There has, in recent years, been a fashion for binging on cheap debt to furnish share buy backs or overly generous dividend payments, while overstuffing the bonuses of CEOs, among large firms. Those indulging in this sort of “financial engineering” are the authors of their own misfortune now the pigeons are coming home to roost.

It should also be remembered that the support made available to businesses from government is considerable, ranging from state-backed loans, to business rate holidays to the job retention scheme covering the wages of staff put on furlough. Banks have also been ordered to play nice.

As a package, it’s rather more generous than the help offered to individuals, some of whom will find themselves thrust onto the rocky shores of universal credit, some of whom will be facing quite severe financial difficulties.

The option of flouting consumer law to keep the show on the road is not something open to those in that unhappy position.

So while we can have a certain amount of sympathy for businesses finding themselves on the horns of a Covid-19 dilemma, it can only go so far.

The CMA’s statement also makes clear that the conduct of some firms is nothing short of reprehensible.

It warns that “businesses should not be profiting by ‘double recovering’ their money from the government and from customers”.

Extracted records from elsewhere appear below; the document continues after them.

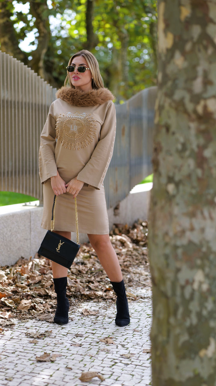 Este vestido elegante es una elección ideal para desear un look cómodo y encantador. Una gola con adorno de pelo sintético añade un toque de lujo y aconchego, perfecto para ocasiones más formales o noches especiales. El diseño clásico e atemporal del vestido garantiza un caimento impecable, mientras que el pelo sintético trae una sensación de suavidad y sofisticação. Combine con accesorios delicados y saltos altos para un visual refinado e inesquecível. Una pequeña cosa que vas a desear para ti, deslumbrante, con comodidad y estilo.
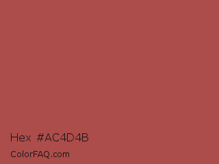 Hex #ac4d4b Color is a normal red color and the nearest color is Rose Vale #ab4e52. Hex code #ac4d4b and RGB value is rgb(172,77,75). In RGB color space, this color is composed of 67% red, 30% green, 29% blue, In CMYK color space, this color is composed of 0% cyan, 55% magenta, 56% yellow , 33% black , In HSL color space, this color has a hue angle of 1° , 39% saturation and 48% lightness.
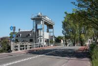 Mallegatbrug over de Mallegatsluis van de Nieuwe Veerstal naar de Schielandse Hoge Zeedijk - Naaierstraat, straatbeeld met witte streep als straatmarkering en daarbij geverfde tekst

This implies that it has uncovered instances of that happening. Those behaving in such a matter are no better than the profiteers bulk buying hand sanitiser so they can flog it at £20 a go.

Andrea Coscelli, the regulator’s CEO, has promised to take action against firms thumbing their noses at consumer law.

Regulators are not often popular, but the one Coscelli leads could find itself in that position if it follows through and brings the hammer down on businesses using the current unhappy situation to rip off their customers and the taxpayer.

And the bigger the scalp, the louder the cheers will be.